→ **COLLECTED DATA**:

⁂

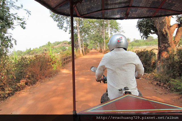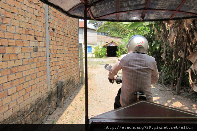我門走了很長一段路,旁邊有這個一車一車的...這就是運送行李的車子
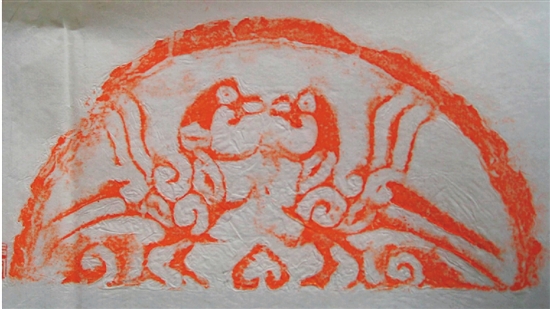 附图三 战国 燕 双鸟纹半瓦当拓片
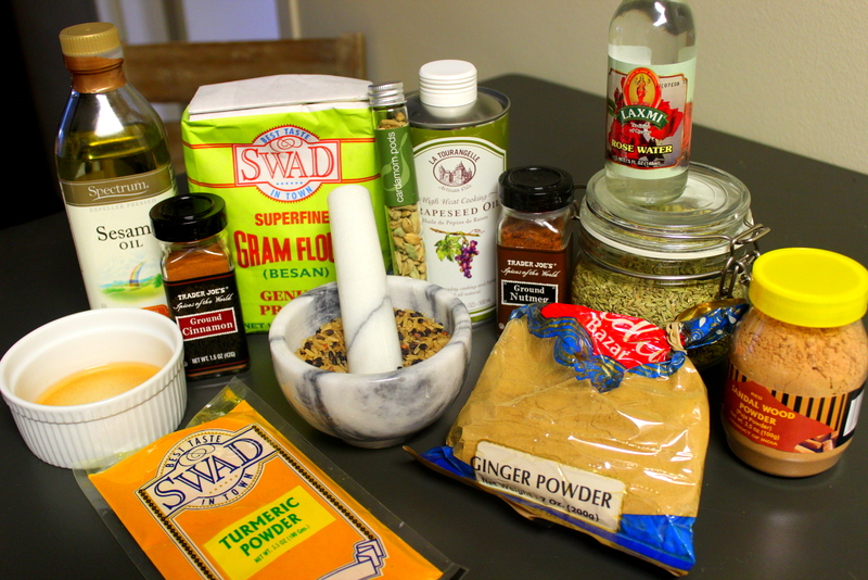 Mix all ingredients into a thick paste and massage over the body to exfoliate and balance the skin.  Shower or rinse the mixture off.  Dry well.  You know that you have this one right when it smells like an Indian curry!

⁂

→ **WORK TO BE COMPLETED**:
The expected answer is the whole listing above, copied exactly, with images excluded.

→ **YOUR RESPONSE**:
我門走了很長一段路,旁邊有這個一車一車的...這就是運送行李的車子
 附图三 战国 燕 双鸟纹半瓦当拓片
 Mix all ingredients into a thick paste and massage over the body to exfoliate and balance the skin.  Shower or rinse the mixture off.  Dry well.  You know that you have this one right when it smells like an Indian curry!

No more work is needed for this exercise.